Although Stanley stated in his complaint that he exhausted all available administrative remedies regarding lack of treatment for his back injury and congested ear, he has not provided any evidence of having actually done so nor has he responded to the defendants' assertion that there is no record of him having filed any grievances complaining of failure to treat his back or his ear. Further, Stanley does not contest that the only grievance he filed related to either condition concerned the denial of ibuprofen for back pain nor that he was denied ibuprofen due to a possible drug interaction, but was prescribed an alternative pain medication. Finally, Stanley does not contest defendants' assertion that he did not further pursue his complaint after being informed that he had been denied ibuprofen due to the possibility of a drug interaction.

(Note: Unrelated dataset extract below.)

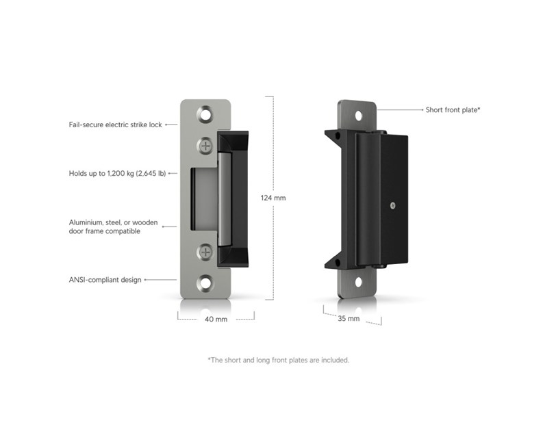 - Fail-secure electric strike lock that connects to a UniFi Access Hub.

As Stanley does not challenge defendants assertion that he failed to file grievances related to a lack of medical care for either condition nor, even assuming he attempted to file at least one grievance related to his back condition, that he failed to file an appeal to the highest level available to him within the prison grievance procedure for his claims related to the denial of adequate medical care, I find that Stanley has failed to demonstrate that he has complied with pre-filing requirements.
III
Based on the foregoing, I find that Stanley has failed to exhaust his administrative remedies as to all claims raised in the complaint. Accordingly, I find that defendants are entitled to judgment as a matter of law and will grant their motion for summary judgment.
The plaintiff is advised that he may appeal this decision pursuant to Rules 3 and 4 of the Federal Rules of Appellate Procedure by filing a notice of appeal with this court within 30 days of the date of entry of this Order, or within such extended period as the court may grant pursuant to Rule 4(a)(5).
The Clerk is directed to send certified copies of this memorandum opinion and accompanying order to plaintiff and to counsel of record for the defendants, if known.